- 1455 Okunma
- 1 Yorum
- 0 Beğeni
Hayatta Her Şey Bir Yolculuktur Aslında
Okuduğunuz yazı Günün Yazısı olarak seçilmiştir.
Hayatta her şey bir yolculukla başlar aslında. Kimi bu yol boyu farkında olmaz yaşanılanların, kimi farkındadır bir şey yapmaz; kimi de hem farkında olup hem de elinden gelenin fazlasını yapmaya çalışır. Telaşımız var ama ne yazık ki bu telaş çoğu zaman bizi ilgilendirmeyen şeylerle ilgili . Aslında çözüm çok basit. Martin Luther King’in de belirttiği gibi : "Eğer sizden sokakları süpürmeniz istenirse, Michelangelo’nun resim yaptığı, Beethoven’in beste yaptığı veya Shakespeare’in şiir yazdığı gibi süpürün. O kadar güzel süpürün ki gökteki ve yerdeki herkes durup ’Burada işini çok iyi yapan, dünyanın en iyi çöpçüsü yaşıyormuş’ desin." Bu sokakları hayatınızın hangi alanı olarak belirlersiniz bilmem ama; herkes kendi sokağında en iyiyi veya daha iyiyi yakalamaya çalışırsa ülkemize ve gelecek jenerasyon adına hatta kendimize yaptığımız en güzel iyilik olur derim.
Ateş kimin üzerine düşüyorsa onu yakmamalı. Başkasının yüzüne atılan tokadı kendi yüzümüzde gerçekten hissetmeliyiz. Çünkü farkında olmalıyız ki her koyun kendi bacağından asılır ama bir müddet sonra bu herhangi bir koyunun orada kalmasından dolayı koku oluşur; etrafı sarar ve etrafta sinekler dolmaya başlar. Bu da bizi rahatsız edebilir. Kısa zaman önce Özgecan olayında birlik olduk; ardından şehit Savcı Mehmet Selim Kiraz ve yakın zamanda Fenerbahçe arabasına yapılan saldırı kronolojik sıralamayı yaparken eksik yazdıklarım vardır ama burada muhtevaya takılmanızı yeğlerim. Neden böyle anlık saman ateşi misali parlıyor ve sönüyoruz.

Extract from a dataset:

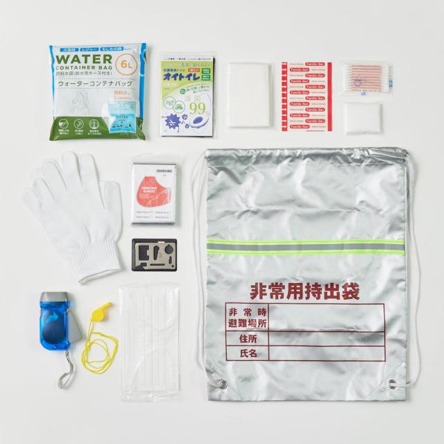 非常用袋・万能カッター・ホイッスル・アルミブランケット・手動式懐中電灯・軍手・水に流せるティッシュ・マスク・絆創膏・綿棒・コットン・ウォーターコンテナバック6L・オイトイレ1回分

Komşu ülkelerde olan olayları görmüyor muyuz?Tunus, Mısır, Libya, Suriye, Bahreyn, Cezayir, Ürdün ve Yemen’de büyük çapta; Moritanya, Suudi Arabistan, Umman, Irak, Lübnan ve Fas’ta küçük çapta olmak üzere baş gösteren mitingler, protestolar, halk ayaklanmaları ve silahlı çatışmalar kısacası Arap Baharı’nın yaşandığı ve yaşatmaya çalışttıkları her yerde halk harap ve bitap düşmüş bir mahiyette. Bunlardan hala bir nasihat neden alamıyoruz? Ülkemizde olan olaylarlara neden tarafsız yaklaşamıyoruz?
Düşmanlarımızın "Eğer A planı işe yaramazsa, alfabede 28 harfin daha olduğu hatırlayın." ideolojisine hakim olup hareket etmelerine karşın bizim acaba bir tane dahi olsa planımız var mı? Ya da varsa ne kadar uyguluyoruz? Ki uygulayanlara bile karşı çıkıyoruz veya destekçi olmuyoruz. Çok sığ düşünüyoruz veya yaşıyoruz farkında olmadan. Ama bilmemiz lazım gerekir ki bir gün bu yaptıklarımız bizlere yol-su-elektrik olarak geri döner.
Biraz büyük düşünmeliyiz veya alanımızda en iyi olma yolunda çaba sarf etmeliyiz itikatımca. Ör: Türkiye’de yazılım mühendis açığı var. Ama yazılım bölümü olan az sayıda da olsa üniversitelerimiz var. Ki bu üniversitelerde kalifiyesi oldukça yüksek kendini yetiştirmeyi bilen öğrencilerimiz var. Fakat bu öğrencilerimiz kendilerini geliştirir geliştirmez yurt dışına çift yönlü bilet alıp; geri dönüş biletini iptal ediyorlar çoğu zaman. Bu olayı daha nice şeyleri istinat ettirebiliriz. Bir örnek verip yazımı sonlardırmak istiyorum.
Ör: İlk arama motoru 1990 yılında bir üniversite öğrencisi olan Alan Emtage tarafından Archie adıyla kuruldu. İngilizce "archive" kelimesinden türemiştir. Bu arama motoru insanların aradıkları dosyaları bulmaya çalışıyordu.[1]
Aralık 1994’te web sayfalarını bulmak amacıyla kendi içerisinde dizin oluşturan ve tasarlanan sorgu programına arayüz ve bir web formu olarak kullanılabilen JumpStation arama motoru oluşturuldu.[2]
Arama motorlarına 1990’ların sonlarına kadar büyük çapta bir yatırım yapılmadı.[3]
Ancak o yıllardan itibaren büyük şirketler ortaya çıkan bu yeni arama motorlarından kazanç elde etmeye başladı.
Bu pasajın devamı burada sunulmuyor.